If you ever wondered how many people worked on ff… (if you haven’t seen this… you might be amazed!)
about:credits

There are some others, and others that once worked no longer do. 🙂 I’m sure some of you already know these, but for the others… have fun! 😀

8 Kryten42 { 12.17.08 at 7:36 am }

Your blog hates me. *sigh* I don’t care. 😉 LOL

It Seems Firefox v3.0.5 has just been released.

Firefox 3.0.5 fixes several issues found in Firefox 3.0.4

* Fixed several security issues.
* Fixed several stability issues.
* Official releases for the Bengali, Esperanto, Galician, Hindi, and Latvian languages are now available.
* Replaced the End-User License Agreement with a new “Know Your Rights” info bar on initial install.
* When installing multiple signed XPIs simultaneously, previous versions of Firefox would fail.
* Fixed several issues found in the accessibility implementation.
* Added the ability to send OS-specific system notes in the crash reporter.
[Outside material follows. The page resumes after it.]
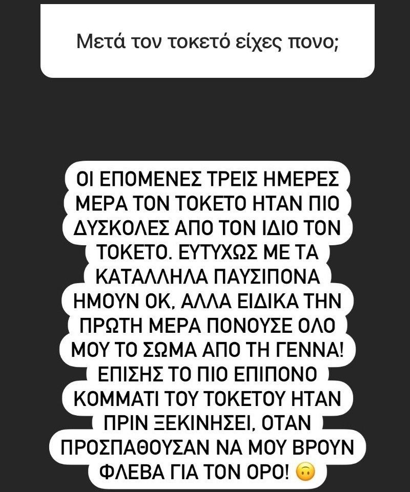 Μάλιστα, εξήγησε πως οι μέρες μετά τον τοκετό ήταν εκείνες που την δυσκόλεψαν περισσότερο και από την ίδια την διαδικασία της γέννας. «Ευτυχώς με τα κατάλληλα παυσίπονα ήμουν οκ. Αλλά ειδικά την πρώτη μέρα, πονούσε όλο μου το σώμα από τη γέννα. Επίσης το πιο επίπονο κομμάτι του τοκετού ήταν πριν ξεκινήσει. Όταν προσπαθούσαν να μου βρουν φλέβα για τον ορό» ανέφερε.

And the performance optimized SSE & SSE2 builds should be available here *any day now* 😉

Binary Turf: Blazing Fast – Firefox Optimized Distributions

OK. Let’s see if this post ends up in moderation too! :p

9 Bryan { 12.17.08 at 12:55 pm }

First off, the comments moderation is picking on you, and you alone. It almost seems to be every second post. I’m investigating the problem and believe it may have something to do with the number of tags you use in comment formatting, which shouldn’t make any difference, but might if the code is sloppy when checking for links.
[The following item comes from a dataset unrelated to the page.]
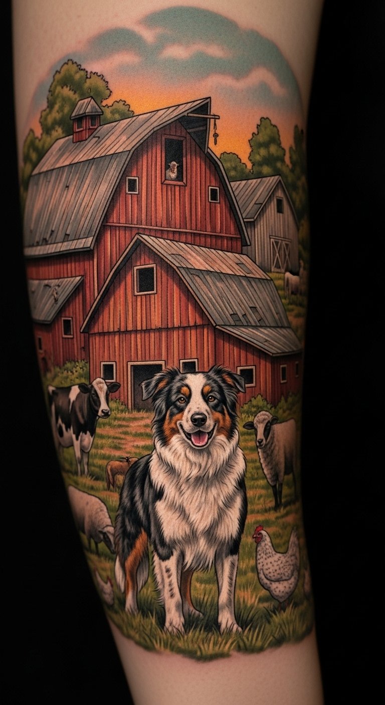 A rustic farm dog scene tattoo recalls country life. Sketch barns and dogs. Use brown shades. Get free farm images. Test with clay. Site on leg. DIY: mold shapes. Keep it grounded.

I notice that 3.0.5 is downloading this morning, but I don’t have it yet. I also need to hack a file from the current blogging upgrade, as it overwrote a previous hack about tags allowed in comments, so that may be source of your problem, too.

Every time a bug is squashed it seems like two more emerge.

10 hipparchia { 12.17.08 at 8:30 pm }

oh now there’s a happy thought — computers no longer have bugs, they have cockroaches.

11 Bryan { 12.17.08 at 8:50 pm }

I blame it on all the rain around Bellevue.

12 Kryten42 { 12.17.08 at 9:41 pm }

I’m not surprised that your blog is picking on me. If you’ve ever watched ‘Red Dwarf’, you’d know that my namesake was much put upon! We are used to it and just go on. It’s the price we pay. *sigh*

😉 LOL

13 Bryan { 12.17.08 at 10:27 pm }

I can find nothing in your posts that would kick them into moderation. Normally it is a problem with the e-mail address, but if there were, your Gravatar wouldn’t appear, and it does.

You successfully posted two in a row without getting kicked into moderation, so maybe the problem was somehow fixed by the change I made so Hipparchia could post ICHC pictures in comments.